Rasanya benar-benar tercekik, nafas Sakura seakan diambil paksa. Kenyataan yang tidak bisa dibohongi, semua usahanya sia-sia begitu Sasuke membuktikan kebenarannya.

"K-kau pengecut," entah keberanian apa yang didapat Sakura untuk mencibir seorang Sasuke Uchiha. Tak disangka, Sakura melihat perubahan air muka pada Sasuke akibat ucapannya. Bak benang yang kusut, Sakura mulai meracau di keadaan kritis ini.

"Kau melarikan diri dari kenyataan… " Sakura mulai terisak.

"… Kau yang selalu sendiri dan hanya terkubur dengan penderitaanmu… "
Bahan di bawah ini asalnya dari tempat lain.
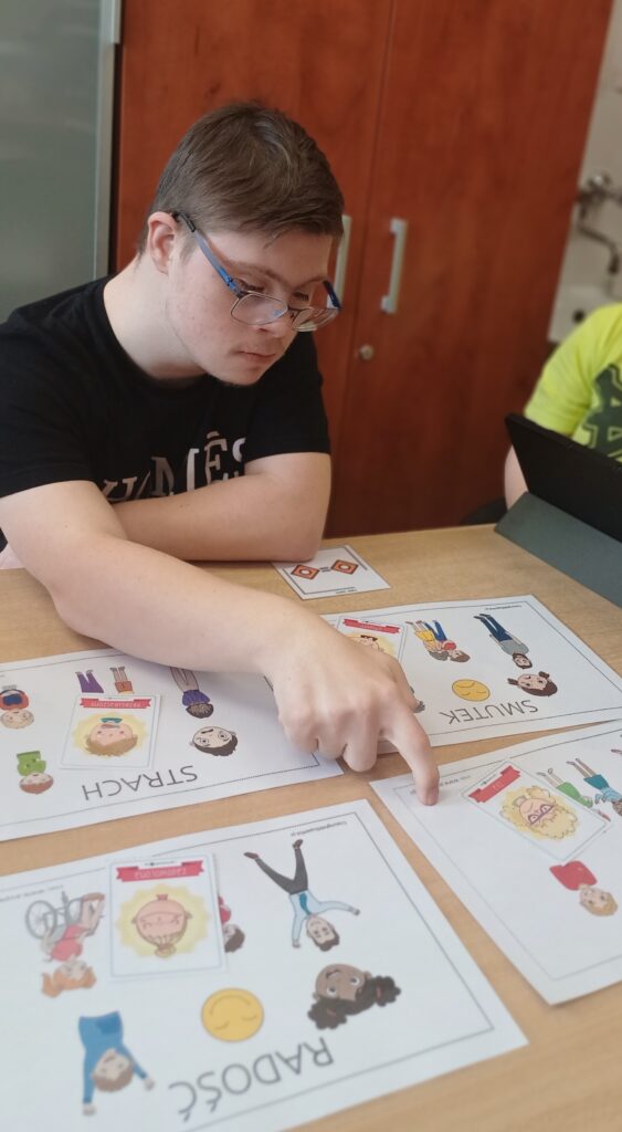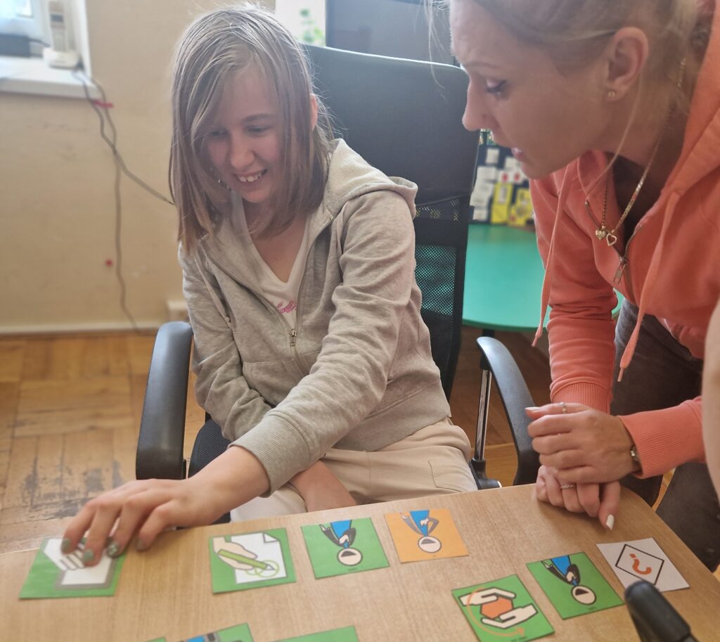 Podczas zajęć wychowankowie wykorzystywali symbole PCS przedstawiające emocje, cechy charakteru oraz zainteresowania. Wybierając te, które najlepiej je opisują, tworzyły własną „Mapę Supermocy”. Następnie, pracując w parach, opowiadały o sobie, wykorzystując tablice komunikacyjne i komunikatory.

Sasuke mengerutkan dahinya.

"… Kau menyembunyikan kematian keluargamu dariku… hikss… p-padahal aku cukup pecaya padamu saat kita memulai hubungan… hikss"

Sadar atau tidak tatapan Sasuke menyendu, tetapi ia tidak bisa berbuat apa-apa untuk menghentikkan lelehan air mata dan kesedihan pada kekasihnya. Pria itu juga cukup kaget mendengar Sakura yang telah mengetahui arsip masa lalunya.

"… Aku jadi bingung siapa yang tidak percaya diantara kita," tangisnya tersenggal-senggal, Sakura kali ini benar-benar hancur, ia keluarkan semua perkataan yang mengganjal pada dirinya.

"… Aku tidak akan pernah mengerti dirimu Sasuke-kun, t-tapi… hikss… asal kau tahu perasaanku senang saat kau bilang ingin melamarku, hanya saja aku ragu karena ini terlalu… ce… pat… hikss "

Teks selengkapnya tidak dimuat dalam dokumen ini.